* TASK STATEMENT
Output exactly the lines below from the one containing "лавинно-стримерным, связанными с" to the last line, both included. Omit pictures.

* DATA EXTRACT
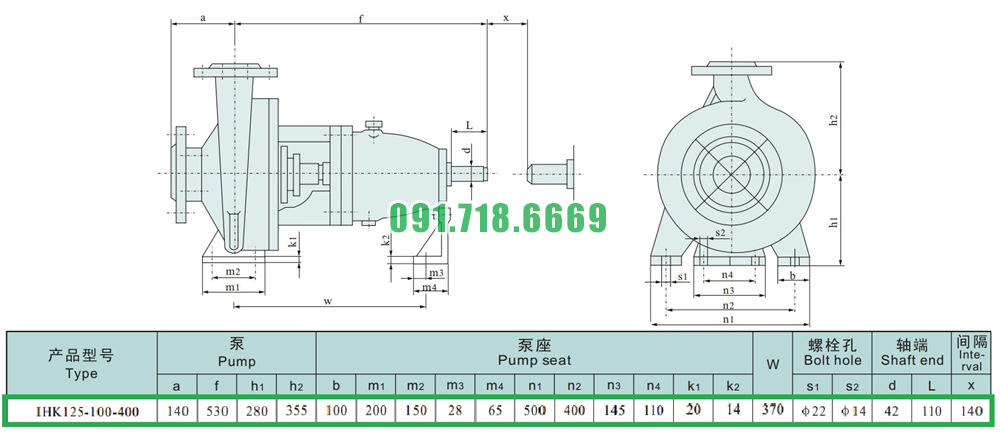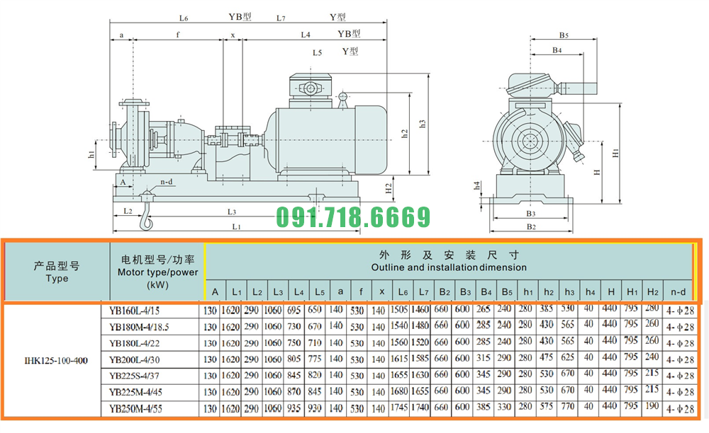 Kích thước lắp đặt của máy bơm nước li tâm cánh hở IHK125-100-400 làm bằng inox
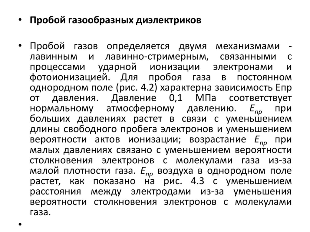 • Пробой газообразных диэлектриков• Пробой газов определяется двумя механизмами лавинным и лавинно-стримерным, связанными с
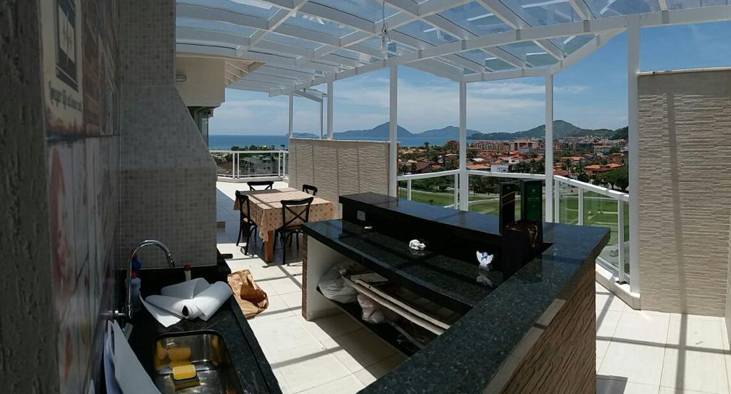 O destaque fica por conta do espaçoso espaço gourmet coberto, que oferece vistas deslumbrantes do mar e das montanhas, o cenário perfeito para reunir amigos e familiares em um ambiente acolhedor. Para momentos de relaxamento, o solárium privativo com ducha é um refúgio tranquilo onde você pode apreciar a paisagem em total privacidade.

* COMPLETED TASK
 • Пробой газообразных диэлектриков• Пробой газов определяется двумя механизмами лавинным и лавинно-стримерным, связанными с
 O destaque fica por conta do espaçoso espaço gourmet coberto, que oferece vistas deslumbrantes do mar e das montanhas, o cenário perfeito para reunir amigos e familiares em um ambiente acolhedor. Para momentos de relaxamento, o solárium privativo com ducha é um refúgio tranquilo onde você pode apreciar a paisagem em total privacidade.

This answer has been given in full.